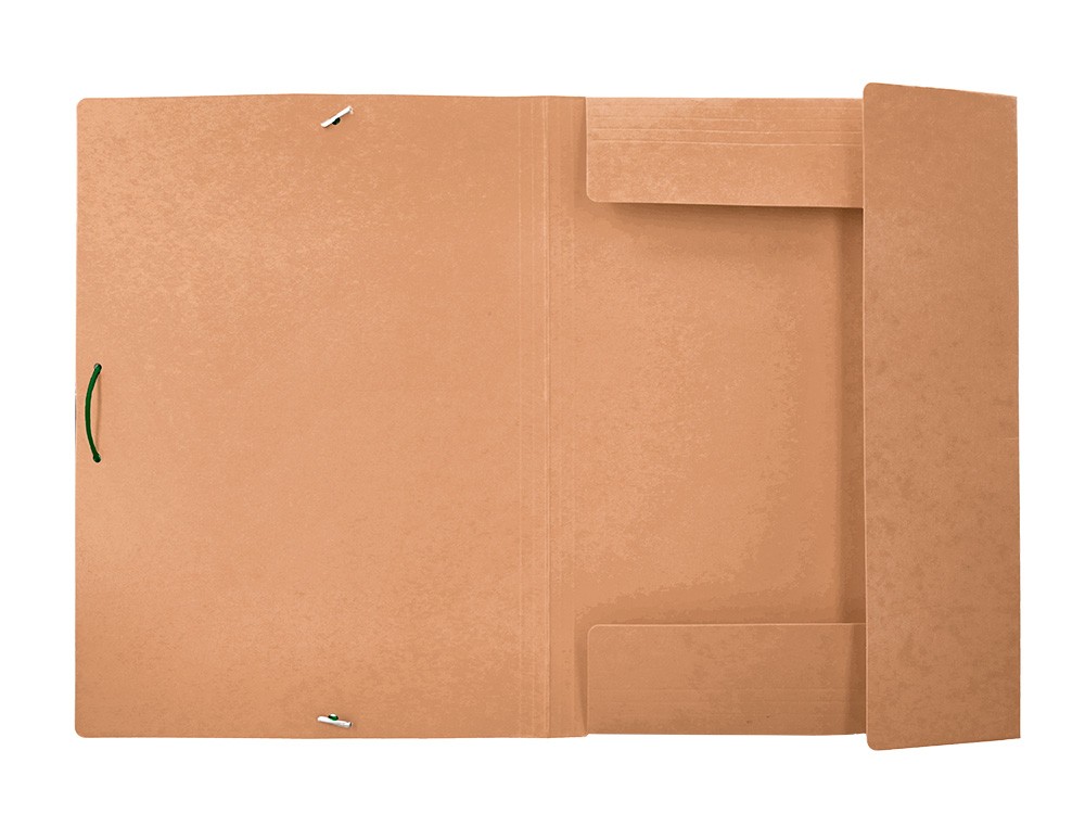 Carpeta de gomas fabricada en cartulina kraft marrón de 400 g/m². 100% reciclada. Con 3 solapas. Formato DIN A4+.
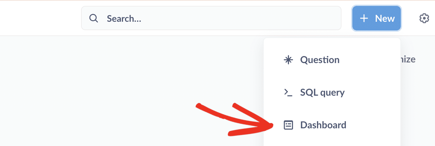 To create a new dashboard, click the + New button in the top right corner of your Metabase homepage and select Dashboard from the dropdown menu.
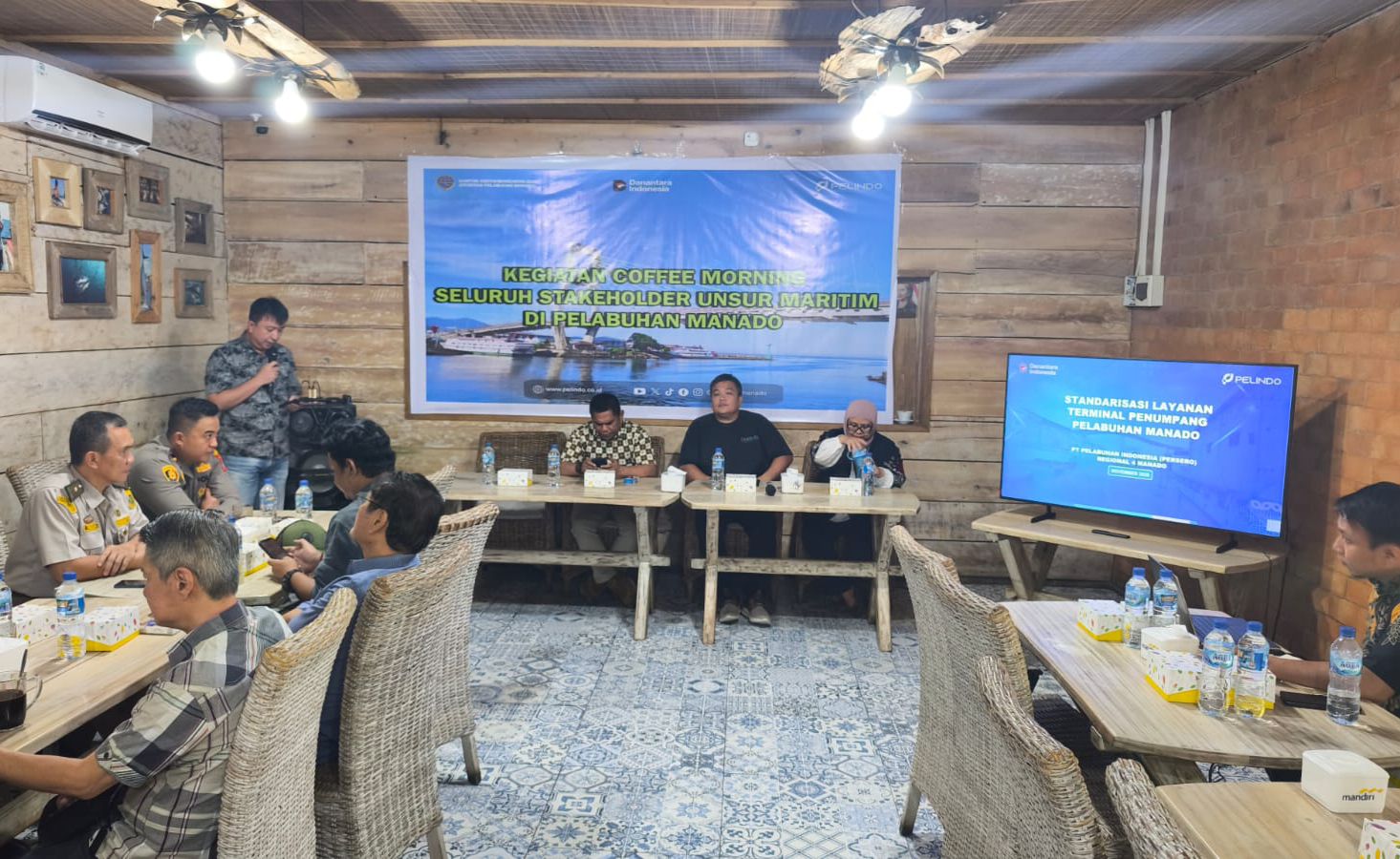 MANADO, Humas Polresta Manado – Kapolsek Kawasan Pelabuhan Manado, IPDA Juan A.V. Rumbajan, menghadiri kegiatan Coffee Morning Insan Maritim Wilayah Pelabuhan Manado yang digelar Kantor Kesyahbandaran dan Otoritas Pelabuhan (KSOP) Kelas III Manado di RM Tuna House, Bitung Karangria, Kecamatan Tuminting, Jumat (7/11/2025).
------------------------------------------------------------------------
• **PROBLEM DETAILS**
From the line containing "To create a" to the final line above, both included, transcribe every line exactly and leave all pictures out.

• **OUTPUT OF THE EXERCISE**
 To create a new dashboard, click the + New button in the top right corner of your Metabase homepage and select Dashboard from the dropdown menu.
 MANADO, Humas Polresta Manado – Kapolsek Kawasan Pelabuhan Manado, IPDA Juan A.V. Rumbajan, menghadiri kegiatan Coffee Morning Insan Maritim Wilayah Pelabuhan Manado yang digelar Kantor Kesyahbandaran dan Otoritas Pelabuhan (KSOP) Kelas III Manado di RM Tuna House, Bitung Karangria, Kecamatan Tuminting, Jumat (7/11/2025).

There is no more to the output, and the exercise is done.